The system data of the embodiment of the optical system 7 according to the invention in accordance with FIG. 11 emerge from the upper table in FIG. 12. The upper table in FIG. 12 is based on an incoming beam radius of 2.5 mm, an entrance angle of 27°, and an effective focal length of the optical system 7 according to the invention of −10.863 mm. The surface 0 denotes a surface at an infinite distance in front of the optical system 7 on the side of the eye 2 so that light can enter the optical system 7 in collimated fashion. Further, the surface 1 denotes the surface of the eye pupil of the eye 2. The first lens L1 has a surface 2 directed at the eye 2 and a surface 3 directed at the display unit 5. The second lens L2 has a surface 4 directed at the eye 2 and a surface 5 directed at the display unit 5. The third lens L3 has a surface 6 directed at the eye 2 and a surface 7 directed at the display unit 5. The fourth lens L4 has a surface 8 directed at the eye 2 and a surface 9 directed at the display unit 5. The fifth lens L5 has a surface 10 directed at the eye 2 and a surface 11 directed at the display unit 5. Further, the sixth lens L6 has a surface 12 directed at the eye 2 and a surface 13 directed at the display unit 5. The seventh lens L7 has a surface 14 directed at the eye 2. The eighth lens L8 has a surface 15 directed at the eye 2 and a surface 16 directed at the display unit 5. The surface 17 denotes the surface of the display unit 5. Further, the upper table in FIG. 12 specifies the radii of the individual surfaces and the thicknesses of the individual lenses of the optical system 7 according to the invention in accordance with FIG. 11, with the thickness of a lens being defined as the distance between a first vertex at the optical axis OA of a surface of the lens directed at the eye 2 and a second vertex at the optical axis OA of a surface of the lens directed at the display unit 5. A thickness between two of the aforementioned lenses denotes the distance between two vertices of two adjacent surfaces of two lenses.

The intermediate image ZB is arranged on the surface 5 of the second lens L2.

The upper table in FIG. 12 specifies the material of the individual lenses, the material specification corresponding to the nomenclature as used by the company OHARA. Moreover, the refractive indices are given for three different wavelengths of the light rays originating from the object O, specifically a wavelength 1 of 587.6 nm, a wavelength 2 of 435.8 nm, and a wavelength 3 of 643.8 nm.
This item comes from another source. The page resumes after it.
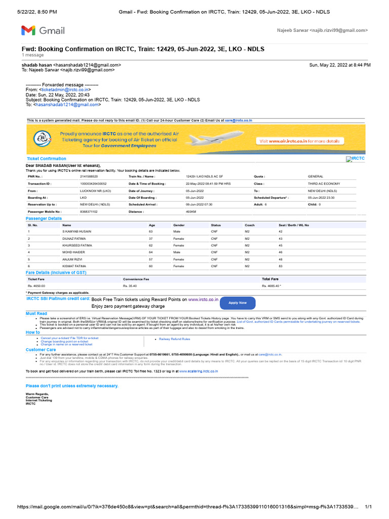 5/22/22, 8:50 PM Gmail - Fwd: Booking Confirmation on IRCTC, Train: 12429, 05-Jun-2022, 3E, LKO - NDLS

Further, the half diameters of the individual lenses and the refractive powers of the individual lenses are specified in the upper table in FIG. 12.

The surfaces 2 and 3 of the first lens L1 have an aspheric form. Further, the surfaces 8 and 9 of the fourth lens L4 have an aspheric form. The aspheric form of the aforementioned surfaces is determined by the asphere formula [1] mentioned above. The asphere coefficients and the conic constant are specified in the lower table in FIG. 12.

FIG. 13 shows curves of the modulation transfer function (MTF) as a function of the object height for the embodiment of the optical system 7 according to the invention in accordance with FIGS. 11 and 12. Shown are a sagittal contrast curve S (shown in solid lines) and a tangential contrast curve T (shown in dashed lines) for 20 line pairs per millimeter, 40 line pairs per millimeter, and 60 line pairs per millimeter.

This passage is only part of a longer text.